Records from a data source:
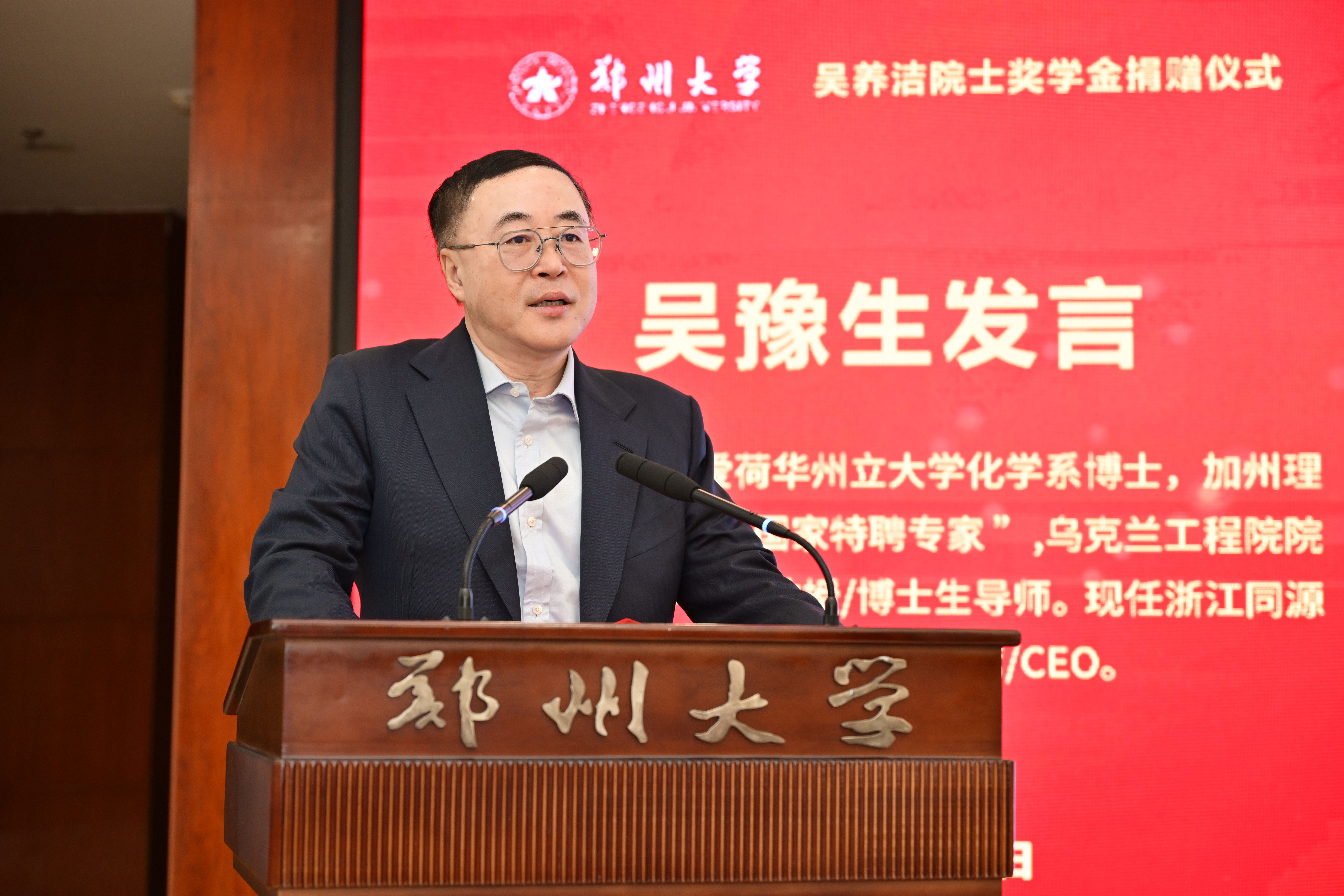仪式上,胡少伟代表学校与吴豫生签订了捐赠协议书,刘春太代表学校向吴豫生赠送纪念品,臧双全代表学校接受奖学金捐赠500万元,并为吴豫生颁发捐赠证书。
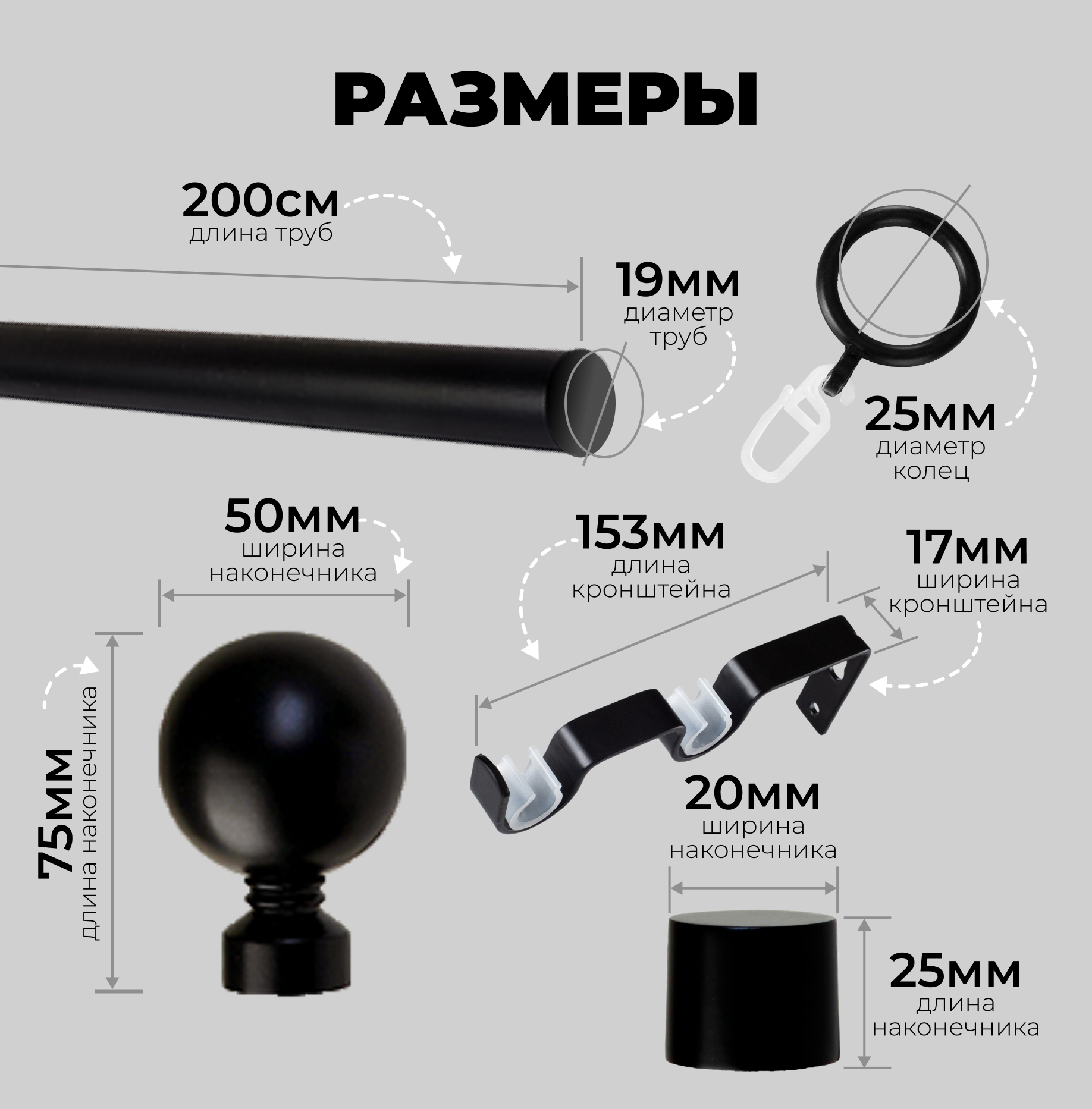 | Комплектация | Труба металлическая гладкая Ø19 мм - 2шт; Наконечники металлические - 2 шт; Заглушка - 2 шт; Кронштейны металлические; Кольца пластиковые + крючки; Комплект крепежа (дюбеля, шурупы). |
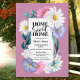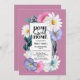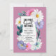 Invite your friends and loved ones to help you celebrate your new home with this spring floral home sweet home housewarming invitation that features a pink border with lavender and pink petunias and white daisies.
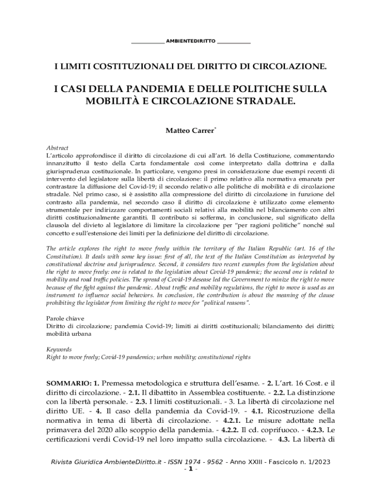 ___ AMBIENTEDIRITTO ___I LIMITI COSTITUZIONALI DEL DIRITTO DI CIRCOLAZIONE.I CASI DELLA PANDEMIA E DELLE POLITICHE SULLA MOBILIT E CIRCOLAZIONE STRADALE. Matteo Carrer* Abstract Larticolo approfondisce
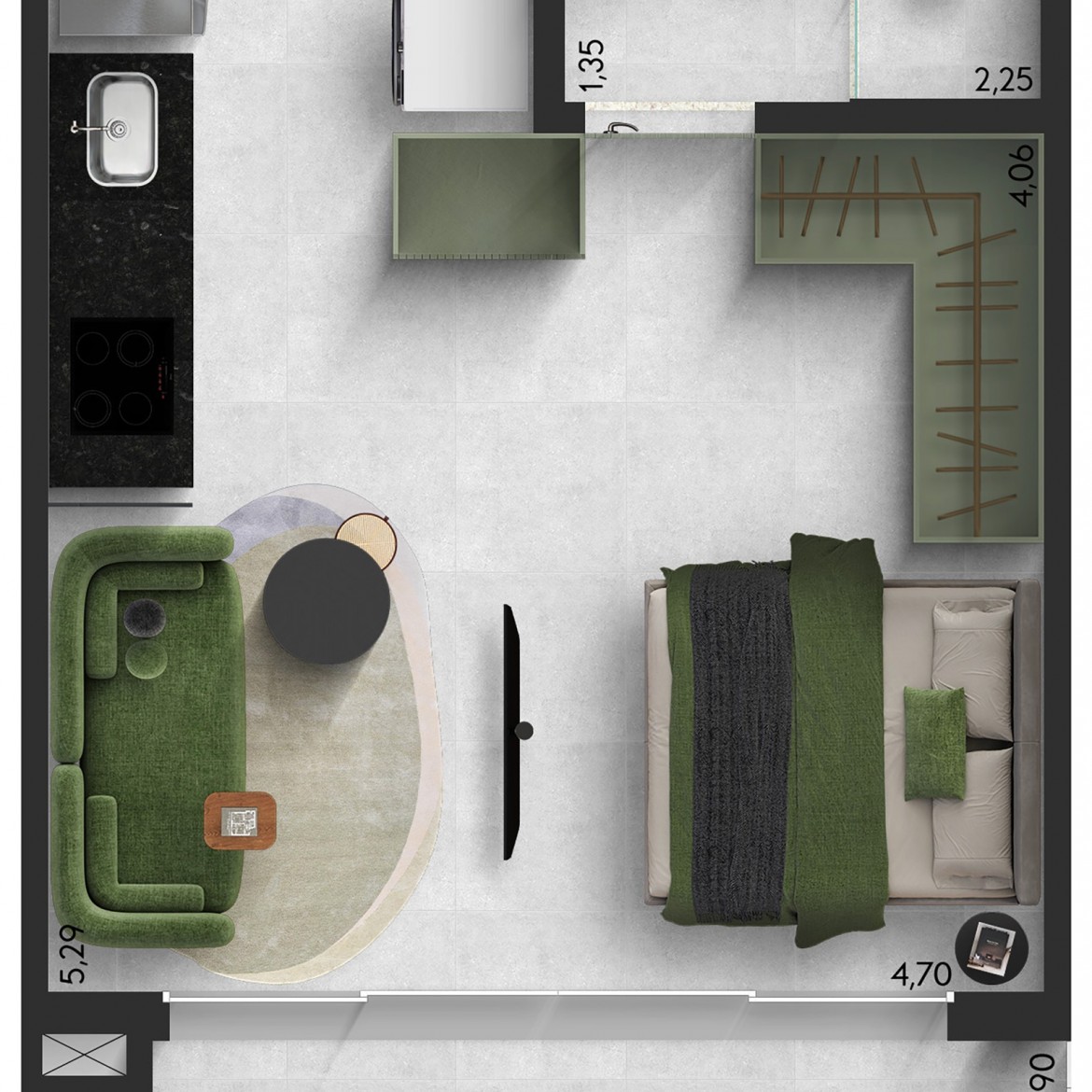QUANTIDADE DE UNIDADES POR ANDAR: 14 Studios por pav. tipo
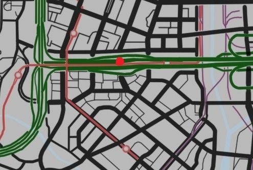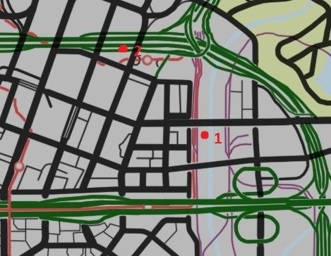 Ga onder de snelweg door om uit te komen bij een daklozenkamp. In de buurt van een stel banken vind je hier het onderdeel.
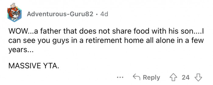 What's your take on this situation? Do you think the OP should stand up for her son more, or is she right for not allowing Adam to eat his father's food?

What you need to do: Nothing but the exact text of the records should appear in your answer, with no pictures. Please write it out.

Answer area:
仪式上,胡少伟代表学校与吴豫生签订了捐赠协议书,刘春太代表学校向吴豫生赠送纪念品,臧双全代表学校接受奖学金捐赠500万元,并为吴豫生颁发捐赠证书。
 | Комплектация | Труба металлическая гладкая Ø19 мм - 2шт; Наконечники металлические - 2 шт; Заглушка - 2 шт; Кронштейны металлические; Кольца пластиковые + крючки; Комплект крепежа (дюбеля, шурупы). |
 Invite your friends and loved ones to help you celebrate your new home with this spring floral home sweet home housewarming invitation that features a pink border with lavender and pink petunias and white daisies.
 ___ AMBIENTEDIRITTO ___I LIMITI COSTITUZIONALI DEL DIRITTO DI CIRCOLAZIONE.I CASI DELLA PANDEMIA E DELLE POLITICHE SULLA MOBILIT E CIRCOLAZIONE STRADALE. Matteo Carrer* Abstract Larticolo approfondisce
QUANTIDADE DE UNIDADES POR ANDAR: 14 Studios por pav. tipo
 Ga onder de snelweg door om uit te komen bij een daklozenkamp. In de buurt van een stel banken vind je hier het onderdeel.
 What's your take on this situation? Do you think the OP should stand up for her son more, or is she right for not allowing Adam to eat his father's food?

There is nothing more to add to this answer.